+++ Data to examine
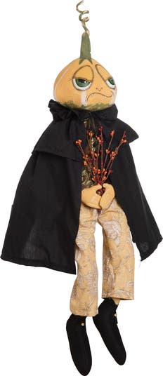 Efren Pumpkin Head and his unsettling fanged grimace brings a truly spooky touch to your Halloween. As Efren sweeps down the lane with his cloak billowing behind him, trick-or-treaters seem to shrink into the shadows. Little do they know, all Efren wants to do is bring a bundle of flowers to his favorite pumpkin girl! Display Efren Pumpkin Head with more Gathered Traditions soft figures and watch your collection come to life. Size: 17 inches high x 8 inches wide x 6 inches deep Each soft figure displays a hand-painted face, making each doll uniquely yours This soft figure is not a toy, not suitable for children under 14 years old.
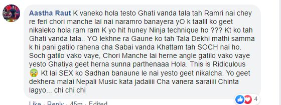 उदाहरणका लागि युट्यूबको कमेन्टमा प्रियंका भुसाल नामकी एक प्रयोगकर्ताले कस्तो खालको गीत हो यो ? भनेर प्रश्न गरेकी छन्।
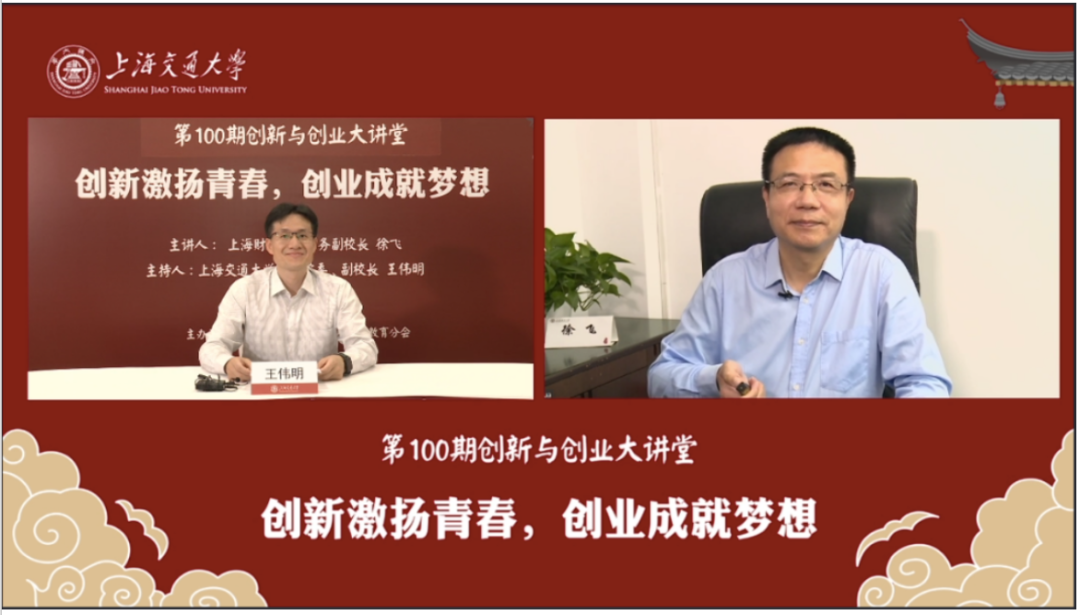 6月16日晚,教育部高等学校创新创业教育指导委员会副主任、中国高等教育学会创新创业教育分会理事长、上海财经大学常务副校长徐飞教授与广大师生一起相约云上,共同探讨中国创新创业教育的发展历程和未来方向。本次讲座由上海交通大学党委常委、副校长王伟明主持。
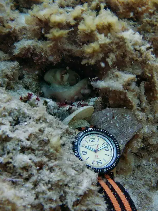 al bajar me he dado cuenta de que el pulpo se lo había llevado a su cueva, solo sobresalían 2 cm. de correa... he tirado suavemente, pero suavemente no conseguía nada así que con cuidado de no lastimar al animalito pero con firmeza he conseguido recuperar el komandirskie!! tendría que haberle sacado una foto con la evidencia del hurto, pero he temido que si se asustaba y se escondía un poco mas ya no podría tirar de la correa!!Muy chulo el mod y la historia del pulpo es genial jajaja, cualquier cosa que puedan coger lo cojen, además y como decimos los coleccionistas, "quien fuera pulpo" para poder llevar un reloj en cada brazo!Hola a todos!! Pués hoy llevaba este:
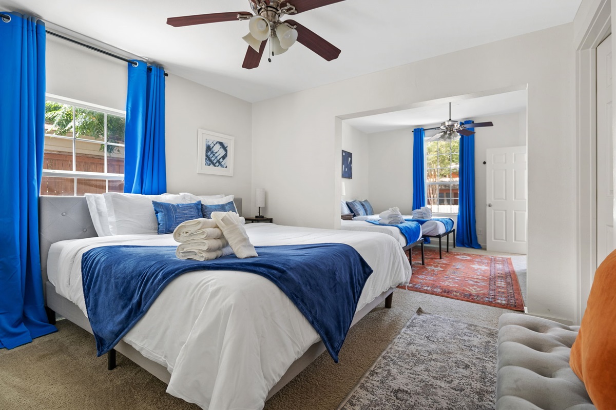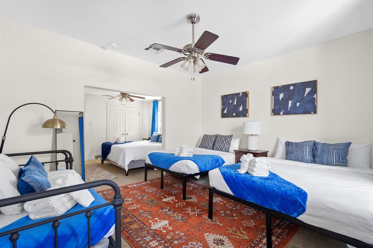 Bedroom 4 and 5: Bedroom 4 has a King Bed and bedroom 5 is packed with a queen bed, a full sized bed and a twin trundle (2 twins). Please note that the 4th and 5th bedrooms are combined. Unlike traditional setups, these rooms are creatively designed without a physical wall separating them, offering a truly distinctive and flexible accommodation experience. There is a full bathroom with bathtub that bedroom 4 and 5 share.
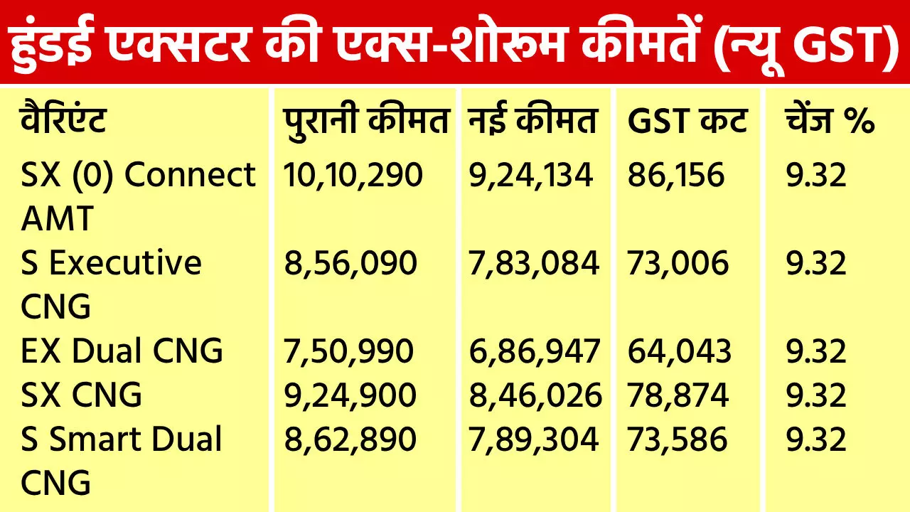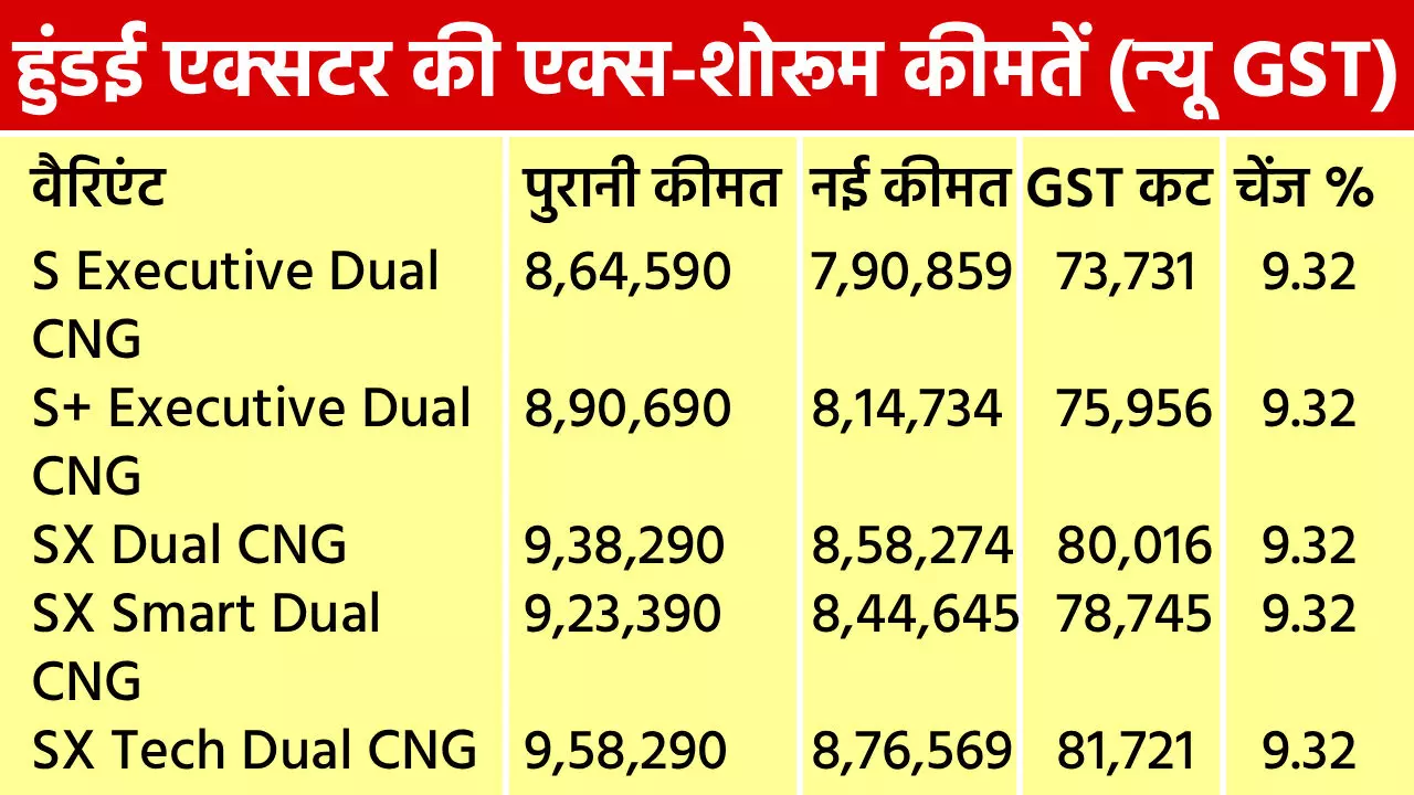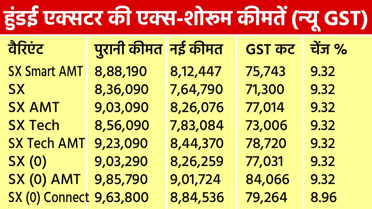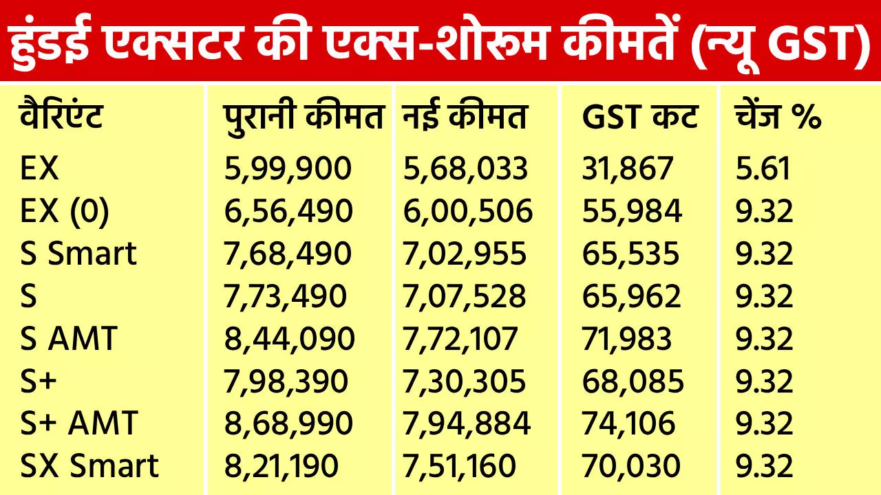 Hyundai Exter New Price List: जीएसटी 2.0 लागू, सभी वैरिएंट हुए सस्ते; जानें कितना मिलेगा फायदा
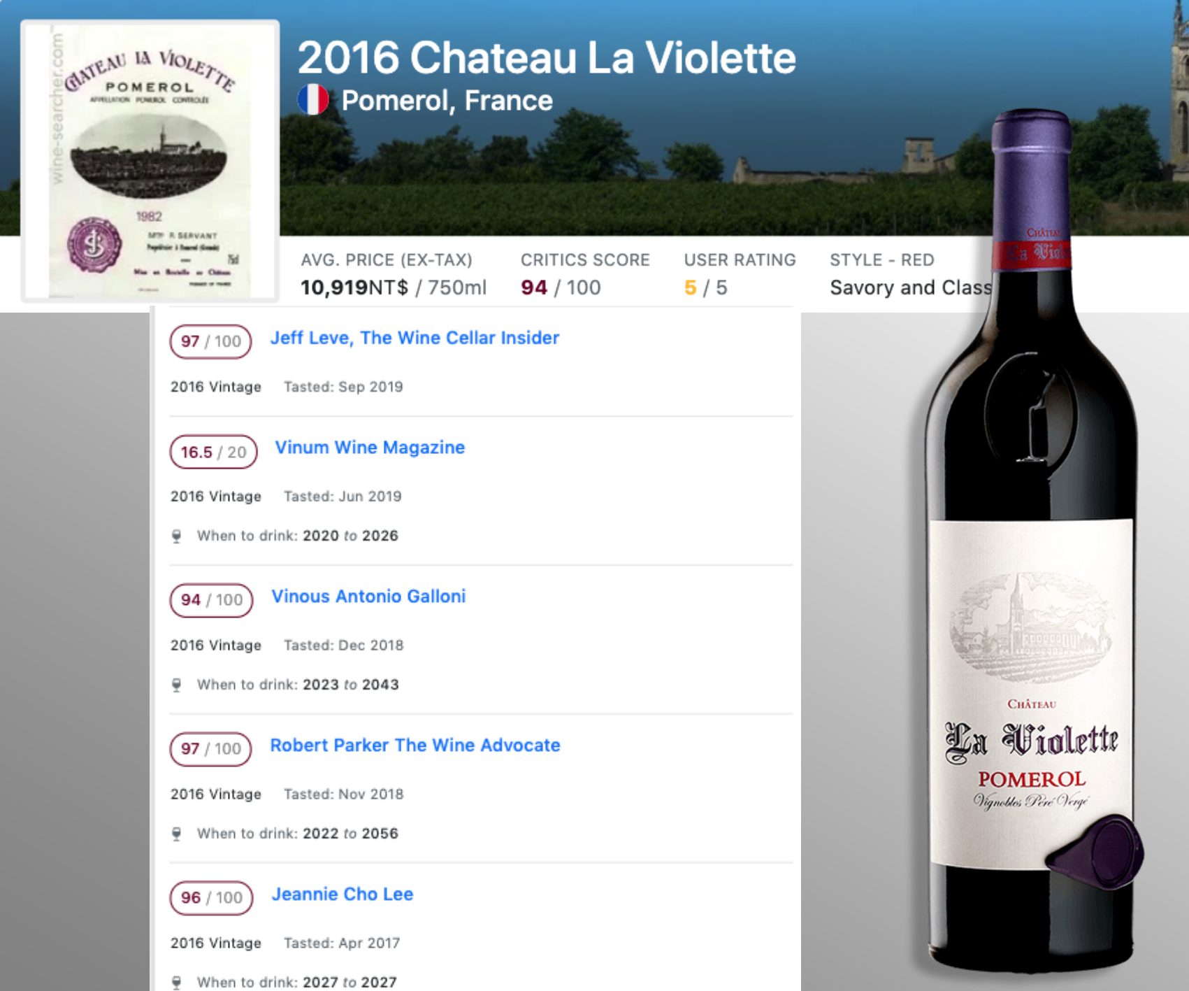 波爾多右岸的波美侯(Pomerol)產區的維歐蕾莊園(Château La Violette),被美國知名酒評人Robert Parker給予超高評價。酒莊環抱著Château L'Evangile城堡的葡萄園占地14公頃,北臨是Château Petrus,南邊與Château Cheval Blanc相望,深具膜拜酒的基因~
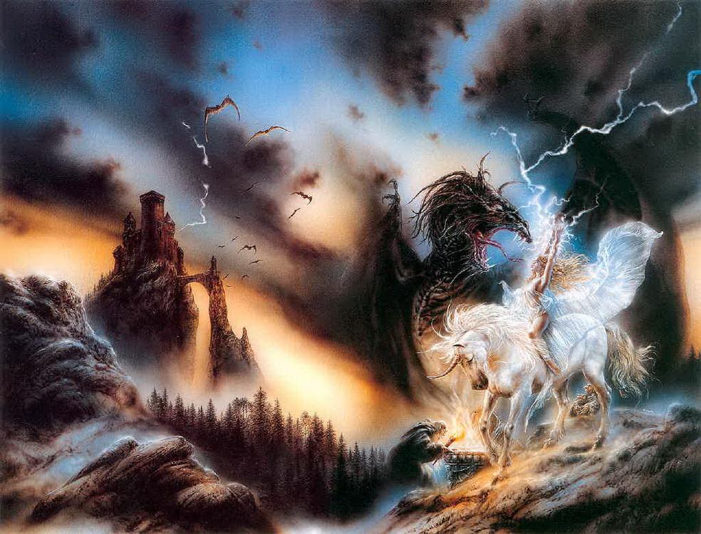 Fast forward to 2012, he has published 25 books, re-released in different languages and collector editions, and his images have been put on anything it can be placed on (t-shirts, mouse pads, mugs, posters, etc.). He’s designed a collector card series, tarot card set and sculptures, as well as the cover art for video games and musician’s albums. Along with Romulo Royo, he painted the ceiling of a dome in a Russian castle, making his personal version of the Sistine Chapel.
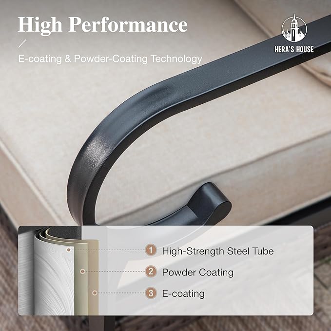 - 【E-COATING & POWDER-COATING TECHNIQUE】ALL the HERA'S HOUSE metal frame of conversation sets are processed by high-performance E-COATING and POWDER-COATING technique which provides extended protection against rust, scratches, rain, and UV harm. All weather resistant, anti-rust, easy to clean, no special care needed.
++++++
= Instructions for the task =
Give again, please, precisely the lines that begin the records and run through the line with "6月16日晚,教育部高等学校" in it, keeping both end lines and dropping any pictures.

= Result for this exercise =
 Efren Pumpkin Head and his unsettling fanged grimace brings a truly spooky touch to your Halloween. As Efren sweeps down the lane with his cloak billowing behind him, trick-or-treaters seem to shrink into the shadows. Little do they know, all Efren wants to do is bring a bundle of flowers to his favorite pumpkin girl! Display Efren Pumpkin Head with more Gathered Traditions soft figures and watch your collection come to life. Size: 17 inches high x 8 inches wide x 6 inches deep Each soft figure displays a hand-painted face, making each doll uniquely yours This soft figure is not a toy, not suitable for children under 14 years old.
 उदाहरणका लागि युट्यूबको कमेन्टमा प्रियंका भुसाल नामकी एक प्रयोगकर्ताले कस्तो खालको गीत हो यो ? भनेर प्रश्न गरेकी छन्।
 6月16日晚,教育部高等学校创新创业教育指导委员会副主任、中国高等教育学会创新创业教育分会理事长、上海财经大学常务副校长徐飞教授与广大师生一起相约云上,共同探讨中国创新创业教育的发展历程和未来方向。本次讲座由上海交通大学党委常委、副校长王伟明主持。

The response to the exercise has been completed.